Сафира снова поглядела в окно, на выступающий за ярусами белых, серых и голубых домиков мыс. Там, за розоватой черепицей и живыми изгородями, темнели возводимые из черного камня стены. Три башни. Три купола, которые расписывал мастер-иноземец. Средний, самый высокий, сиял пока еще холодным фиолетовым маяком-свечой, помещавшимся под самым шпилем. Вальин знал: скоро этот свет, облаченный в великолепное граненое стекло, зажгут впервые. На него будут глядеть все в Ганнасе, на него полетят мотыльки и души. Будет так красиво.
И так страшно.
– Сафира, я очень скучаю по тебе.
Она еще слышала это, с зажмуренными глазами входя в прохладную тень. Она не решалась поднять голову, только нервно облизывала пересохшие, зацелованные соленым ветром губы. И одновременно она очень хотела увидеть белые фрески, ведь запах – влажная смесь песка, масла, шафрана и апельсиновых косточек – шептал: они готовы. Но как страшно… это ведь значит, пути назад совсем нет. Поэтому – пока слова, успокаивающе теплые, горькие. «Сафира, я очень скучаю по тебе».

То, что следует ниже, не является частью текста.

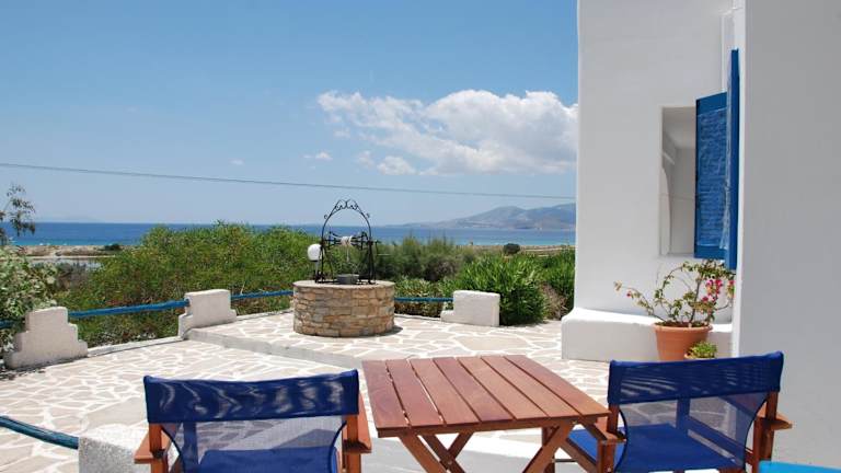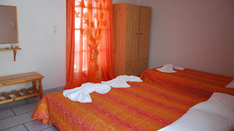 Die Zimmer in der Koulas Pension sind komfortabel und im traditionellen Kykladen-Stil eingerichtet. Alle Zimmer verfügen über einen möblierten Balkon, von dem aus Sie einen herrlichen Blick auf die Ägäis genießen können. Die klimatisierten Zimmer sind mit kostenfreiem WLAN, Sat-TV und einem Kühlschrank ausgestattet. Die Studios verfügen außerdem über eine Küchenzeile mit Kochfeldern, so dass Sie sich auch selbst verpflegen können. Die Unterkünfte sind in hellen Farben gehalten und mit schmiedeeisernen Betten und Fliesenböden ausgestattet.

Там, в замке, их сказали двое: мальчик, которому она привычно помогла застегнуть пуговицы жилета, и мужчина, его отец, которому так же привычно позволила расстегнуть на ней платье. Остериго был сегодня настолько нежен, что Сафира в очередной раз проиграла, изменила себе. Она задержалась дольше, чем хотела, и лежала рядом, и пила сладкое персиковое вино из бережно подносимого серебряного кубка, и обводила пальцем выгравированных на стенках крылатых лисиц. Остериго не хотел отпускать ее, почему-то сегодня – особенно не хотел. Ее тяжелые рыжие пряди покоились на подушке поверх его столь же тяжелых черных. Медь и зола. Огонь и ночь.